■ **Problem statement**
Copy verbatim the span of lines beginning at the line that contains "Imagine slipping into" and ending with the final line of the data. Exclude pictures from the copy.

■ **Source material**
_ _ _ _ _

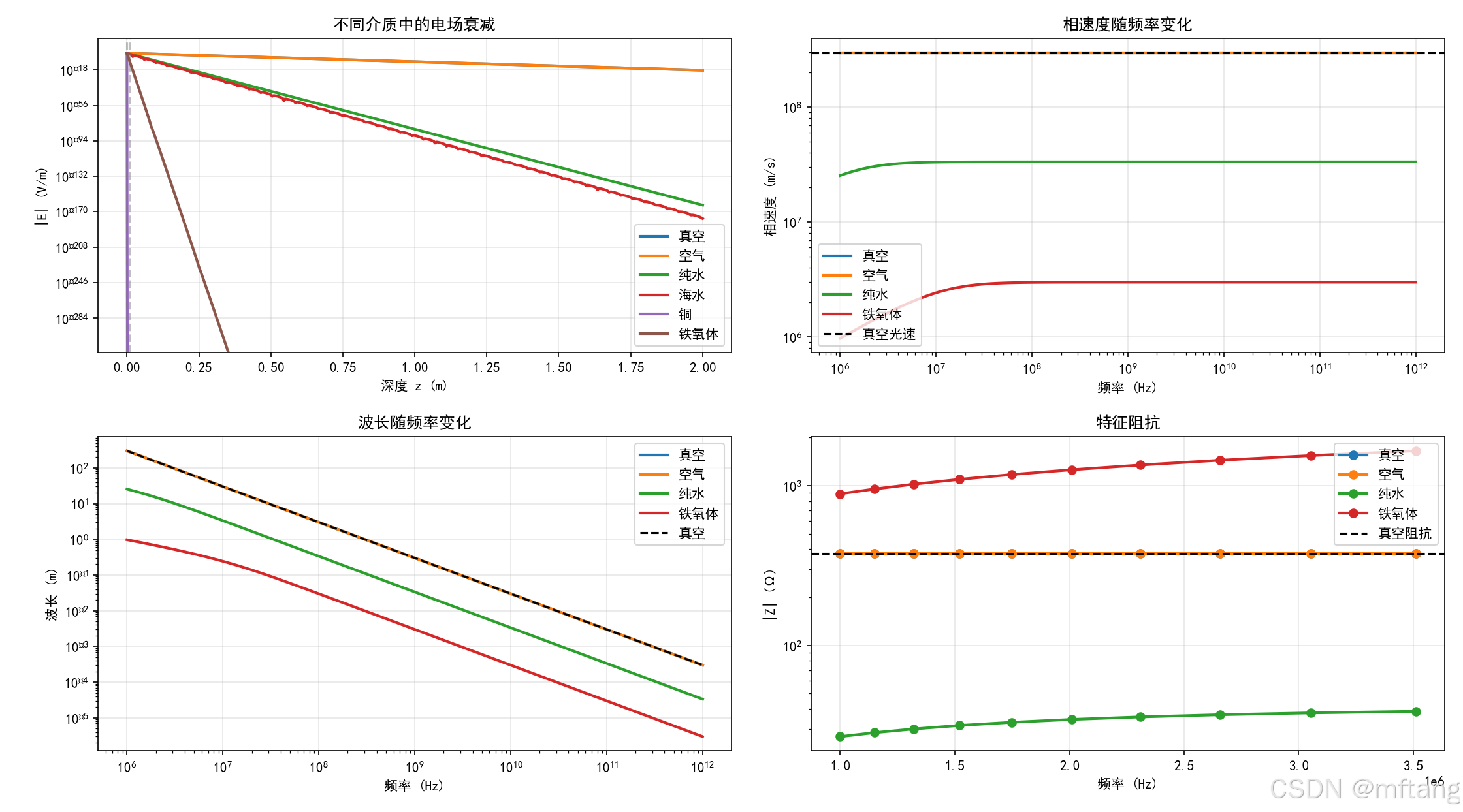 def wave_propagation_in_media():"""电磁波在介质中的传播"""class EMWaveInMedium:def __init__(self, frequency=1e9, E0=1.0, epsilon_r=1.0, mu_r=1.0, sigma=0):self.f = frequencyself.E0 = E0self.epsilon_r = epsilon_r # 相对介电常数self.mu_r = mu_r # 相对磁导率self.sigma = sigma # 电导率# 物理常数self.epsilon0 = constants.epsilon_0self.mu0 = constants.mu_0# 介质参数self.epsilon = epsilon_r * self.epsilon0self.mu = mu_r * self.mu0# 复介电常数(对于导电介质)self.epsilon_complex = self.epsilon - 1j * self.sigma / (2 * np.pi * self.f)# 波参数self.k_complex = 2 * np.pi * self.f * np.sqrt(self.mu * self.epsilon_complex)self.alpha = np.real(self.k_complex) # 衰减常数self.beta = np.imag(self.k_complex) # 相位常数self.wavelength = 2 * np.pi / self.alpha if self.alpha > 0 else float('inf')self.phase_velocity = 2 * np.pi * self.f / self.alpha if self.alpha > 0 else float('inf')# 特征阻抗self.Z_complex = np.sqrt(self.mu / self.epsilon_complex)print(f"介质中电磁波参数:")print(f"相对介电常数: ε_r = {epsilon_r}")print(f"相对磁导率: μ_r = {mu_r}")print(f"电导率: σ = {sigma} S/m")print(f"复波数: k = {self.k_complex:.3f}")print(f"衰减常数: α = {self.alpha:.3f} Np/m")print(f"相位常数: β = {self.beta:.3f} rad/m")print(f"波长: λ = {self.wavelength:.3f} m")print(f"相速度: v_p = {self.phase_velocity/1e6:.1f} × 10⁶ m/s")print(f"特征阻抗: Z = {self.Z_complex:.3f} Ω")def field_in_medium(self, z, t):"""介质中的电磁场"""# 电场E = self.E0 * np.exp(-self.alpha * z) * np.cos(self.beta * z - 2 * np.pi * self.f * t)# 磁场H = (self.E0 / np.abs(self.Z_complex)) * np.exp(-self.alpha * z) * np.cos(self.beta * z - 2 * np.pi * self.f * t - np.angle(self.Z_complex))return E, Hdef skin_depth(self):"""趋肤深度(对于良导体)"""if self.sigma > 0:delta = 1 / np.sqrt(np.pi * self.f * self.mu * self.sigma)return deltaelse:return float('inf')# 不同介质的比较media_cases = [{'name': '真空', 'epsilon_r': 1.0, 'mu_r': 1.0, 'sigma': 0},{'name': '空气', 'epsilon_r': 1.0006, 'mu_r': 1.0, 'sigma': 0},{'name': '纯水', 'epsilon_r': 80.0, 'mu_r': 1.0, 'sigma': 0.01},{'name': '海水', 'epsilon_r': 80.0, 'mu_r': 1.0, 'sigma': 4.0},{'name': '铜', 'epsilon_r': 1.0, 'mu_r': 1.0, 'sigma': 5.8e7},{'name': '铁氧体', 'epsilon_r': 10.0, 'mu_r': 1000.0, 'sigma': 0.01}]# 空间网格z = np.linspace(0, 2, 500) # 2米范围fig, axes = plt.subplots(2, 2, figsize=(12, 8))for i, medium in enumerate(media_cases):wave = EMWaveInMedium(frequency=1e9, E0=1.0, epsilon_r=medium['epsilon_r'], mu_r=medium['mu_r'], sigma=medium['sigma'])# 计算电场E, H = wave.field_in_medium(z, t=0)# 电场衰减axes[0, 0].semilogy(z, np.abs(E), linewidth=2, label=medium['name'])# 趋肤深度标记if medium['sigma'] > 1:delta = wave.skin_depth()axes[0, 0].axvline(x=delta, color='gray', linestyle='--', alpha=0.5)print(f"{medium['name']} 趋肤深度: {delta*100:.2f} cm")axes[0, 0].set_xlabel('深度 z (m)')axes[0, 0].set_ylabel('|E| (V/m)')axes[0, 0].set_title('不同介质中的电场衰减')axes[0, 0].legend()axes[0, 0].grid(True, alpha=0.3)# 相速度比较frequencies = np.logspace(6, 12, 100) # 1 MHz 到 1 THzfor medium in [m for m in media_cases if m['sigma'] < 1]: # 低损耗介质v_phase = []for f in frequencies:wave = EMWaveInMedium(frequency=f, E0=1.0,epsilon_r=medium['epsilon_r'],mu_r=medium['mu_r'],sigma=medium['sigma'])v_phase.append(wave.phase_velocity)axes[0, 1].loglog(frequencies, v_phase, linewidth=2, label=medium['name'])axes[0, 1].axhline(y=constants.c, color='k', linestyle='--', label='真空光速')axes[0, 1].set_xlabel('频率 (Hz)')axes[0, 1].set_ylabel('相速度 (m/s)')axes[0, 1].set_title('相速度随频率变化')axes[0, 1].legend()axes[0, 1].grid(True, alpha=0.3)# 波长比较for medium in [m for m in media_cases if m['sigma'] < 1]: # 低损耗介质wavelengths = []for f in frequencies:wave = EMWaveInMedium(frequency=f, E0=1.0,epsilon_r=medium['epsilon_r'],mu_r=medium['mu_r'],sigma=medium['sigma'])wavelengths.append(wave.wavelength)axes[1, 0].loglog(frequencies, wavelengths, linewidth=2, label=medium['name'])wavelengths_vacuum = constants.c / frequenciesaxes[1, 0].loglog(frequencies, wavelengths_vacuum, 'k--', label='真空')axes[1, 0].set_xlabel('频率 (Hz)')axes[1, 0].set_ylabel('波长 (m)')axes[1, 0].set_title('波长随频率变化')axes[1, 0].legend()axes[1, 0].grid(True, alpha=0.3)# 特征阻抗比较for medium in media_cases:if medium['sigma'] < 1: # 低损耗介质Z_values = []for f in frequencies[:10]: # 只计算部分频率点wave = EMWaveInMedium(frequency=f, E0=1.0,epsilon_r=medium['epsilon_r'],mu_r=medium['mu_r'],sigma=medium['sigma'])Z_values.append(np.abs(wave.Z_complex))axes[1, 1].semilogy(frequencies[:10], Z_values, 'o-', linewidth=2, label=medium['name'])Z_vacuum = np.sqrt(constants.mu_0 / constants.epsilon_0)axes[1, 1].axhline(y=Z_vacuum, color='k', linestyle='--', label='真空阻抗')axes[1, 1].set_xlabel('频率 (Hz)')axes[1, 1].set_ylabel('|Z| (Ω)')axes[1, 1].set_title('特征阻抗')axes[1, 1].legend()axes[1, 1].grid(True, alpha=0.3)plt.tight_layout()plt.show()return media_cases# 运行介质中传播分析
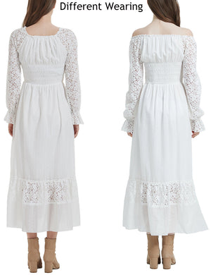 Imagine slipping into this stunning dress, made from a luxurious blend of 65% cotton and 35% polyester, which drapes beautifully over your figure. The intricate floral lace accents whisper grace, while the smocked waist flatters your silhouette, allowing for comfortable movement. Whether you wear it on or off your shoulders, you’ll feel effortlessly stylish.
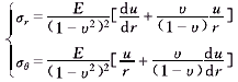 正應(yīng)力與徑向位移的關(guān)系式為[4]:
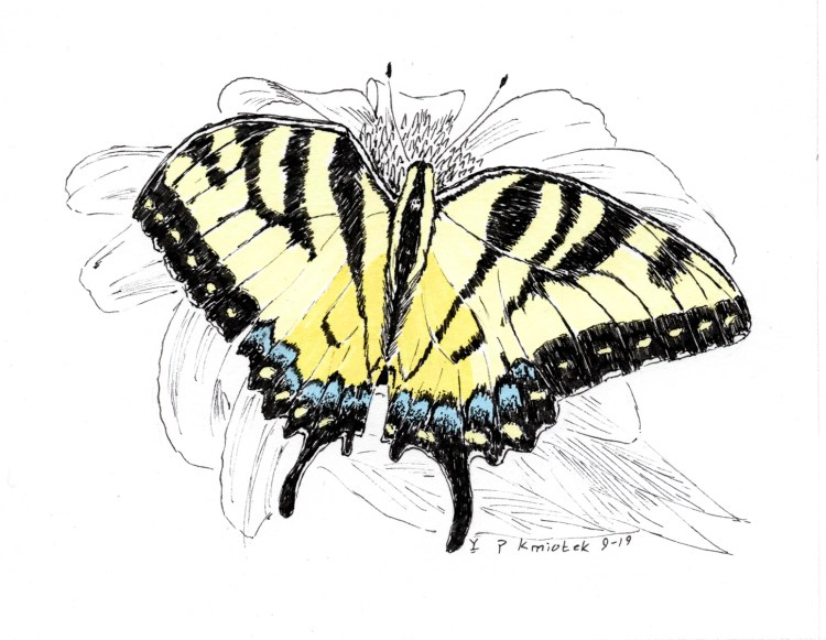 Eastern Tiger Swallowtail ~ Paul Kmiotek ~ Ink ~ 5×7 ~ $90 ~ My family and I enjoy hiking the many trails in and around the Great Swamp. I often stop to take pictures of the various wildlife we encounter for potential drawings. Insects are often overlooked as the subjects of artwork, but I find them to be fascinating and beautiful. [SOLD]

_ _ _ _ _

■ **Answer to this problem**
 Imagine slipping into this stunning dress, made from a luxurious blend of 65% cotton and 35% polyester, which drapes beautifully over your figure. The intricate floral lace accents whisper grace, while the smocked waist flatters your silhouette, allowing for comfortable movement. Whether you wear it on or off your shoulders, you’ll feel effortlessly stylish.
 正應(yīng)力與徑向位移的關(guān)系式為[4]:
 Eastern Tiger Swallowtail ~ Paul Kmiotek ~ Ink ~ 5×7 ~ $90 ~ My family and I enjoy hiking the many trails in and around the Great Swamp. I often stop to take pictures of the various wildlife we encounter for potential drawings. Insects are often overlooked as the subjects of artwork, but I find them to be fascinating and beautiful. [SOLD]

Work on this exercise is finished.